John Galliano’s Spring/Summer 1986 collection, entitled “Fallen Angels,” took obvious inspiration from post-revolutionary France, a time in which the extravagance of the monarchy was rejected in both political and cultural terms. As a result, the French – and by extension, Galliano’s collection – turned their aesthetic taste to the simplicity of ancient Greece and Rome. However, the show’s finale — in which Galliano doused models in water, making their light chemise ensembles completely transparent — sought inspiration from “Muslin Disease,” a myth which raises questions of frivolity, morals, and misogyny, that extended well beyond post-Revolutionary France and into much of fashion history.

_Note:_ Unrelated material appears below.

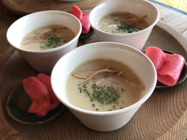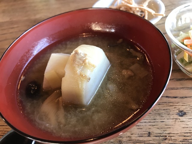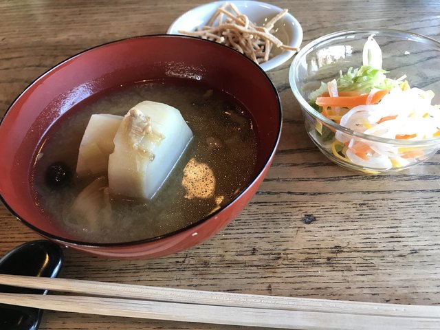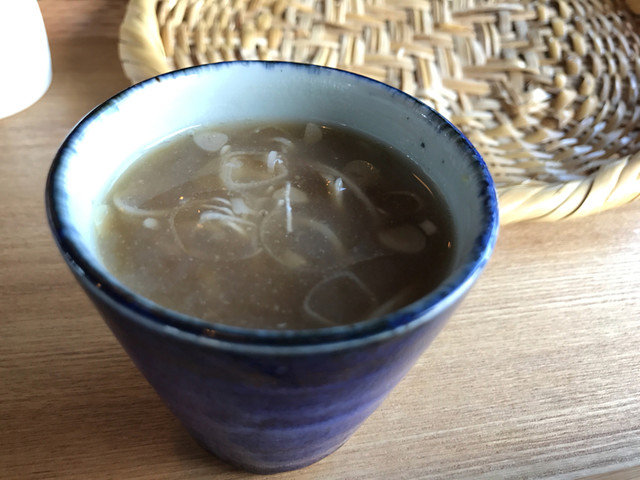 加えて、今日のお通しには『きのこと芋の味噌汁』を出してくれました!!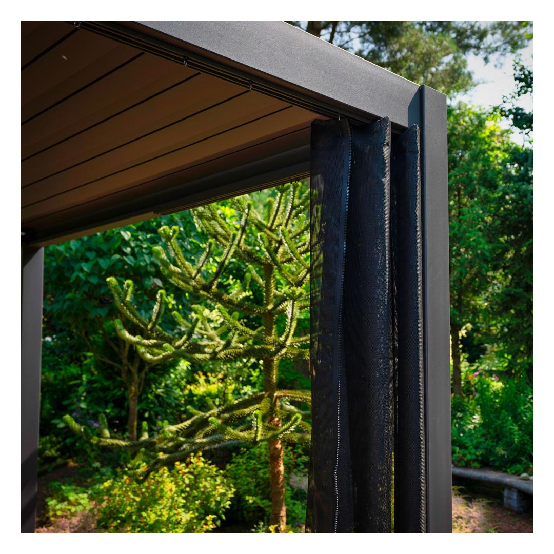 Шторы для маркиз МИРАДОР 3х4м. Стальные двухрядные карнизы предназначены для подвешивания боковых стенок из полиэстера или текстиля, а также противомоскитных сеток на навес МИРАДОР. В комплект входят рельсы для 4 сторон балдахина и крючки для подвешивания штор. Размеры одной рейки 77,5х38х1,5мм, длина 3/4м.

Posted September 27th, 2019 By Colby Mugrabi

In the years following the French Revolution, popular fashion took on a reactionary stance. Rejecting the opulent dress of the monarchy, epitomized by Marie Antoinette’s famously wide silhouettes, expensive fabrics, and intricate head pieces, French fashion turned back to the styles of antiquity. For the next quarter of a century, fashion would see layers condensed, fabric becoming lighter, and waistlines rising. Simplicity ruled and intricate details were dismissed.

The introduction of the chemise style dress – a classic smock otherwise known as a modern type of female undergarment – coupled with the fading popularity of separate inner and outer layers, and the rise in demand of cheaper, lighter materials like muslin, all characterized the time as one of change and progression. This is an especially interesting annecdote as the trend of inexpensive materials permeated throughout the upper class, effectively demonstrating the “trickle up” effect, in which high fashion appropriates the dress of the working class. Call it a 1790s version of the ‘Yeezy’ movement.

The a la mode women of the day, particularly in Paris, were called “Merveilleuses” in the last half of the 1790s. These women, like fashionistas today, took popular dress to the extremes. They wore lightweight, almost sheer fabrics that revealed their figures and hints of skin. In lieu of a corset, Merveilleuses wore pink bodysuits to create the illusion of nudity under their chemise.

“Muslin disease,” as supported by historical documents, refers to the epidemic of deaths among these women in Europe, especially in France during the Winter of 1803, most liekly due to pneumonia from exposure to the cold weather. The mythical lore that has circulated around the “muslin disease,” phenomenon, however, follows a precedence of fashion-related mythical illnesses that framed fashion as dangerous to public health, and those who partake in it as frivolous.

The lore claims that women would douse themselves in water before leaving the house, causing their thin chemises to cling to their bodies, thus showing off their newfound sexual freedom and, by extension, freedom of dress. In reality, there is no historical backing to this, and the myth probably started as a result of the satirical images and writings mocking women’s fashion at the time.

This public mockery of fashion and, more pointedly, women, is plentiful throughout fashion history and often in collaboration with medical myths. Valerie Steele’s “The Corset: A Cultural History” documents the copious legends surrounding corsetry; from the ‘17-inch waist’ to the removal of ribs, most of which have little to no historical proof.

Nonetheless, the practice of satirical images mocking women, unfortunately, still exists today. The internet is littered with articles criticizing every practice of dress, from the most extravagant examples to the low-effort minimalists. Still, fashion pushes on as a subversive practice that helps us analyze and critique history. Galliano’s collection is a perfect example of this ideologly, asking us to consider both the historical style of dress as well as its consequences.